Achilles Tendon Pain: Two Conditions, Two Completely Different Treatments
Achilles tendinopathy — the umbrella term for Achilles tendon pain and dysfunction — encompasses two distinct clinical entities that look similar on the surface but require fundamentally different treatment approaches. Getting this distinction right determines whether treatment succeeds or fails, and it’s why so many patients with “Achilles tendinitis” fail initial treatment: they’re receiving the protocol for the wrong diagnosis.
At Balance Foot & Ankle, Dr. Tom Biernacki begins every Achilles evaluation by precisely localizing the pain — because the treatment for insertional disease at the heel bone is completely different from midsubstance tendinopathy in the body of the tendon.
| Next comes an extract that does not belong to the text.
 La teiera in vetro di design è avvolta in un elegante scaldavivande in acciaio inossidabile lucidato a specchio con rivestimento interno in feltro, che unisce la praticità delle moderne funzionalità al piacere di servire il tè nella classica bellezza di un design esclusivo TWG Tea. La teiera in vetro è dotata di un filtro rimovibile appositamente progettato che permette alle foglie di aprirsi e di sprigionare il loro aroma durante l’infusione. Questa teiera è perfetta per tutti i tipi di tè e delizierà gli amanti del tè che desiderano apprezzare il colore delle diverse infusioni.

Insertional Achilles Tendinopathy
Insertional Achilles tendinopathy affects the distal 2cm of the tendon where it attaches to the posterior calcaneus (heel bone). Pain is maximal at this attachment point — felt as a hard, tender bump at the back of the heel — and is often associated with a Haglund deformity (prominent posterosuperior calcaneal tuberosity) and calcific spur within the tendon at its insertion. Symptoms are provoked by shoe counter pressure against the prominence and by push-off activity.
Treatment is fundamentally different from midsubstance disease. Heel drops and downhill eccentric exercises — the gold standard for midsubstance Achilles tendinopathy — are contraindicated in insertional disease because they increase tensile load at the insertion, worsening the condition. Instead, treatment uses: heel lifts (reducing insertional tensile stress), avoidance of shoe counter pressure (backless shoes or heel cutouts), isometric Achilles exercises (reducing pain without eccentric loading), and PRP injection into the tendon-bone interface. Calcific spur and Haglund deformity causing refractory pain are addressed with endoscopic Achilles debridement and calcaneal exostectomy.
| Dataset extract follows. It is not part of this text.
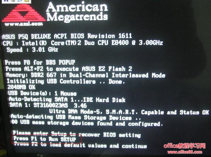 从上图,首先,根据前面例子提示,我们看出“press F1 to RUN SETUP”是进入BIOS的提示。

Midsubstance Achilles Tendinopathy
Midsubstance tendinopathy affects the body of the Achilles tendon, typically 2–6cm above the calcaneal insertion — the “watershed zone” with the poorest intrinsic blood supply. Pain is located in the mid-tendon, there is no bony prominence, and symptoms are aggravated by running and activity with some morning stiffness. Degenerative changes (tendinosis) — disorganized collagen, mucoid infiltration, neovascularization — replace the normal parallel fiber architecture on ultrasound and MRI.
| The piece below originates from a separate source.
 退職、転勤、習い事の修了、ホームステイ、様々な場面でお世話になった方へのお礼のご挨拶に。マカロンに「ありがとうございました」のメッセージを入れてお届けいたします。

Midsubstance tendinopathy responds to the Alfredson eccentric heel drop protocol — 3 sets of 15 repetitions twice daily for 12 weeks, performed off the edge of a step with controlled eccentric lowering. This produces physiological tendon remodeling and is the most evidence-based conservative intervention available. Ultrasound-guided PRP injection accelerates tendon healing in cases refractory to eccentric exercise. Surgical stripping and debridement is a last resort for truly refractory midsubstance tendinopathy.
Achilles Tendon Rupture
Complete Achilles tendon rupture — often described as feeling like being struck or kicked from behind with a palpable gap in the tendon — is a different condition entirely from tendinopathy and requires urgent evaluation. The Thompson test (absence of plantarflexion with calf squeeze in prone position) confirms the diagnosis. Management — operative repair versus functional bracing with early range of motion — depends on patient age, activity level, and time to presentation. Outcomes with both approaches are good when properly implemented.
Diagnostic Ultrasound for Achilles Evaluation
Diagnostic ultrasound is the ideal imaging tool for Achilles tendon assessment — it visualizes tendon architecture, identifies intratendinous tears, demonstrates calcific deposits, and guides injection therapy with precision. At Balance Foot & Ankle, ultrasound is available at every Achilles evaluation, allowing same-day imaging and ultrasound-guided PRP injection when indicated without requiring a separate radiology appointment.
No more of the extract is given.